### [Goal of the exercise]
Each line from the one holding "a wall plug." to the last line below must be restated word for word, and no picture may be included.

(Saved entries)
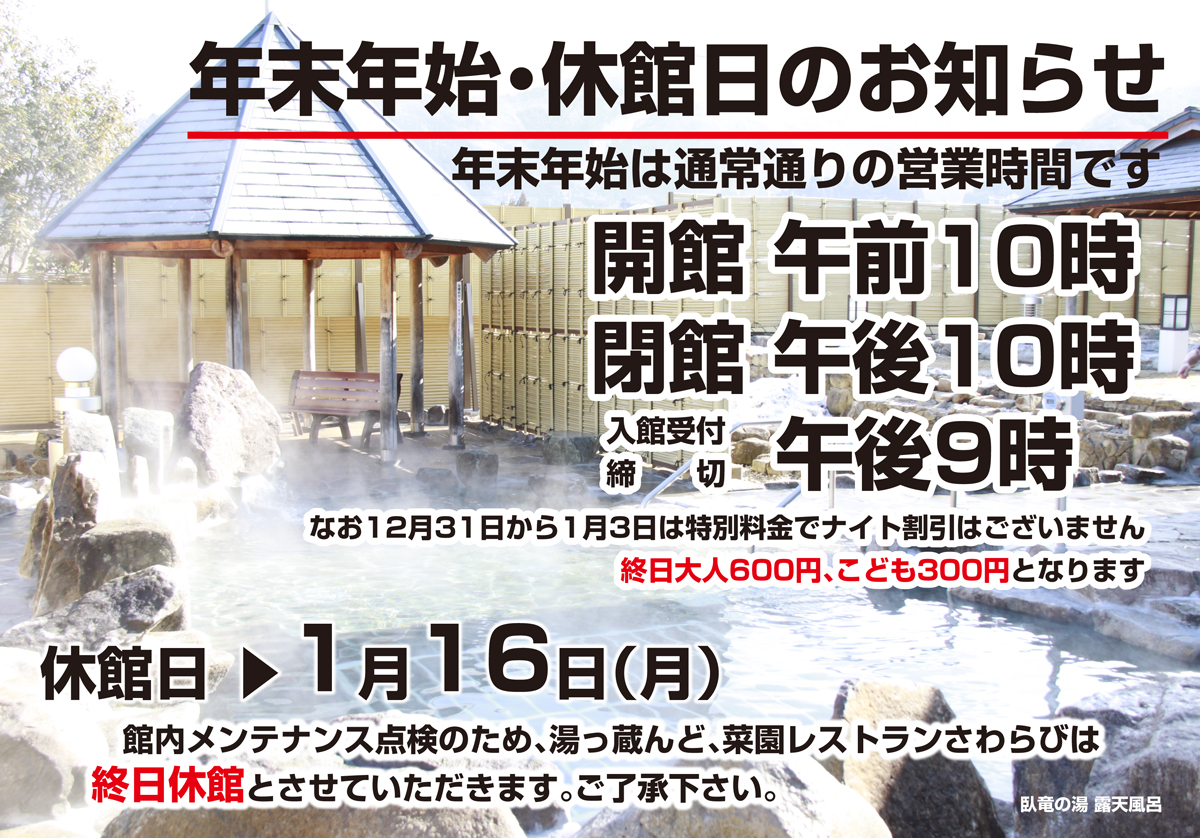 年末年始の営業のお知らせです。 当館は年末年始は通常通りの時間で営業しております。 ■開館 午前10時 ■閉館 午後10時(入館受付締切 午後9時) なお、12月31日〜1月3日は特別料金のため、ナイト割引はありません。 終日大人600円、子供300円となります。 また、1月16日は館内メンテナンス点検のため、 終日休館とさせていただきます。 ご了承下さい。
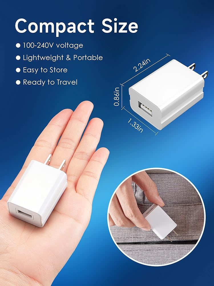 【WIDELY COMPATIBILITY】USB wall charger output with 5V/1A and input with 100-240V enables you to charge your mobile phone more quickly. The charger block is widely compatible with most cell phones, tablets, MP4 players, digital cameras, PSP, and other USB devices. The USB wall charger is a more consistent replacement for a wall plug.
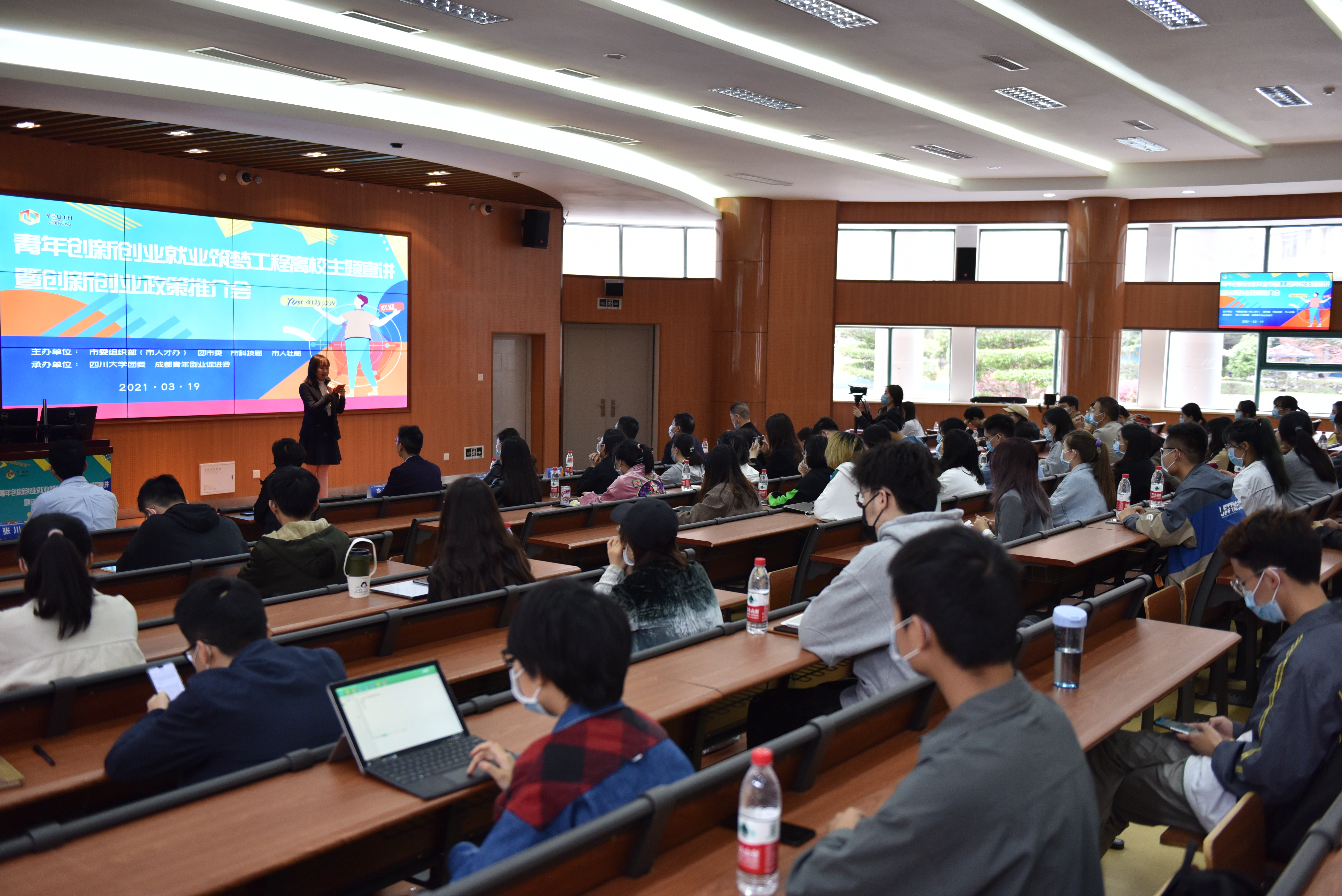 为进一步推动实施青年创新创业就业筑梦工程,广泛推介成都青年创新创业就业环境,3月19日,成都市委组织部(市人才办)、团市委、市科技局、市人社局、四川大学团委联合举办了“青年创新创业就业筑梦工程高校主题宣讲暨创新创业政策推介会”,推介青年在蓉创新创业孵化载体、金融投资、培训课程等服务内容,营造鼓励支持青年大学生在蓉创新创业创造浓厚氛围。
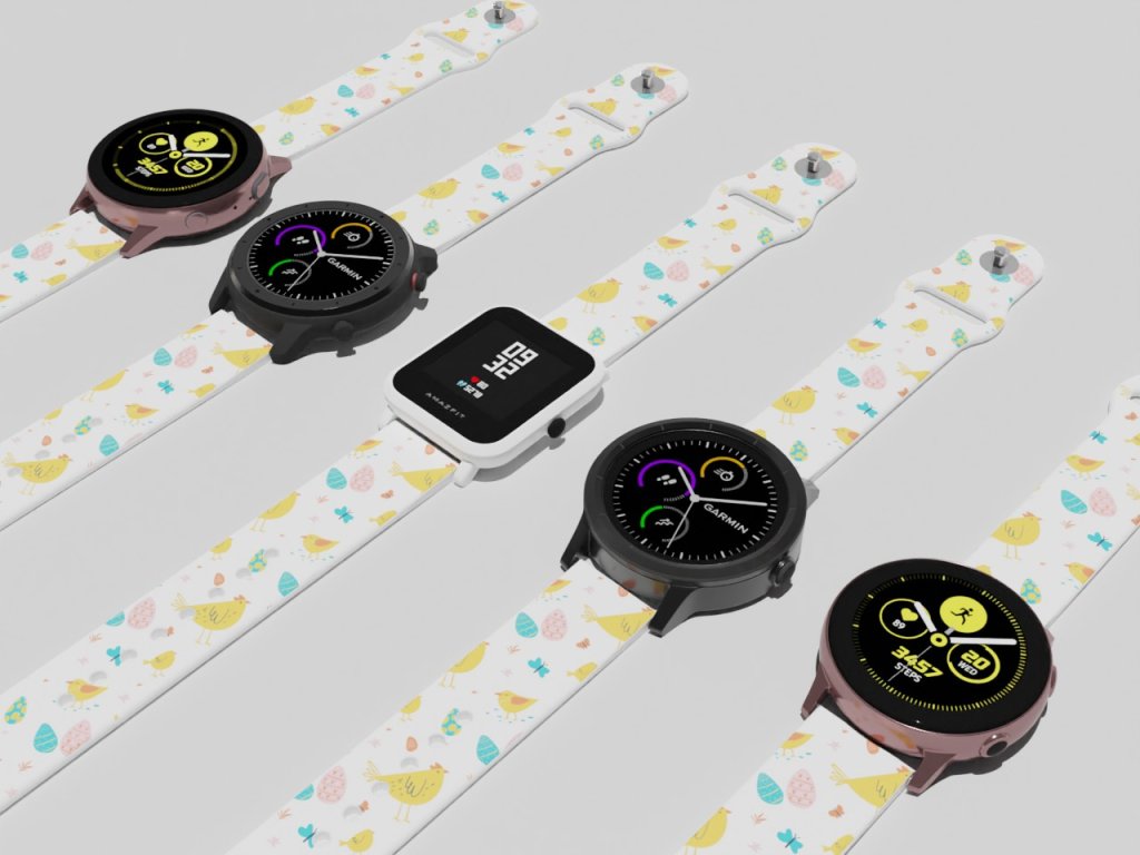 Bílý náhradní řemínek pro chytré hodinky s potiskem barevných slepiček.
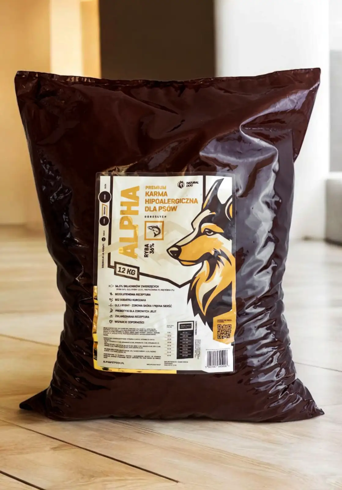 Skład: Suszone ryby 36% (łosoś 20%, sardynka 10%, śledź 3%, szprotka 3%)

### [Answer box]
 【WIDELY COMPATIBILITY】USB wall charger output with 5V/1A and input with 100-240V enables you to charge your mobile phone more quickly. The charger block is widely compatible with most cell phones, tablets, MP4 players, digital cameras, PSP, and other USB devices. The USB wall charger is a more consistent replacement for a wall plug.
 为进一步推动实施青年创新创业就业筑梦工程,广泛推介成都青年创新创业就业环境,3月19日,成都市委组织部(市人才办)、团市委、市科技局、市人社局、四川大学团委联合举办了“青年创新创业就业筑梦工程高校主题宣讲暨创新创业政策推介会”,推介青年在蓉创新创业孵化载体、金融投资、培训课程等服务内容,营造鼓励支持青年大学生在蓉创新创业创造浓厚氛围。
 Bílý náhradní řemínek pro chytré hodinky s potiskem barevných slepiček.
 Skład: Suszone ryby 36% (łosoś 20%, sardynka 10%, śledź 3%, szprotka 3%)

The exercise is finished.